Overall the level of debt in the economy has risen as a share of GDP from 227% to 247% largely as a consequence of the increase in government debt to nearly 100%. For the household sector though the past decade marks a sea change in behaviour as we have never seen such a sustained period of debt reduction. There have been phases where household leverage has stabilised, or fallen slightly. However, with the exception of these periods the household debt to GDP ratio rose steadily from 1960 to the global financial crisis with an acceleration after 1983. Much of this was encouraged by successive governments which de-regulated banks and promoted home ownership to the widest groups of the population with ultimately disastrous effect.

A period of balance sheet repair followed the crash as households worked to restore their finances. What is interesting though is how long the current period of household deleveraging has gone on with little sign that it might be ending. Today the debt to GDP ratio is below levels seen at the start of the last expansion and still falling.

Signs of scarring?

There were many excesses during the run-up to the crisis as the banking system forgot the concept of prudent lending, but it is hard to argue that the whole period was an aberration. Other measures such as buoyant household wealth and interest cover suggest the US consumer's financial position has now been restored. Perhaps we are seeing the “scarring” effects of the financial crisis; this can affect the willingness of households to borrow for a generation as occurred after the Great Depression.

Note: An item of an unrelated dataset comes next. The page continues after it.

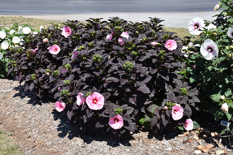 Summerific® Edge of Night Hibiscus will grow to be about 3 feet tall at maturity, with a spread of 4 feet. When grown in masses or used as a bedding plant, individual plants should be spaced approximately 4 feet apart. It grows at a fast rate, and under ideal conditions can be expected to live for approximately 5 years. As an herbaceous perennial, this plant will usually die back to the crown each winter, and will regrow from the base each spring. Be careful not to disturb the crown in late winter when it may not be readily seen!

If households have decided to eschew debt then the ability of the US Federal Reserve (Fed) to generate recovery through cutting interest rates is clearly limited. We have argued previously that the Fed will struggle to overcome the headwind from the trade tensions and this only adds to its difficulties by blocking one of the main monetary transmission mechanisms.

Measures to roll back some of the regulation on banks may help in this respect, but the most likely outcome is another bout of fiscal policy. This has become the policy prescription of the day.

However, it faces two challenges in the US. The first is that the government's debt to GDP ratio is already high at close to 100%. In the past this might have been an issue as investors worried about government spending "crowding out" private sector activity, but the bond markets do not seem concerned at present. The second is the political cycle. There is little extra government spending in the pipeline for the rest of this year or next; we are probably looking at 2021 at the earliest after the presidential election. No doubt there will be promises of fiscal largesse from both sides in the election race, but 2020 looks like it will also lack growth unless households rediscover the joys of debt.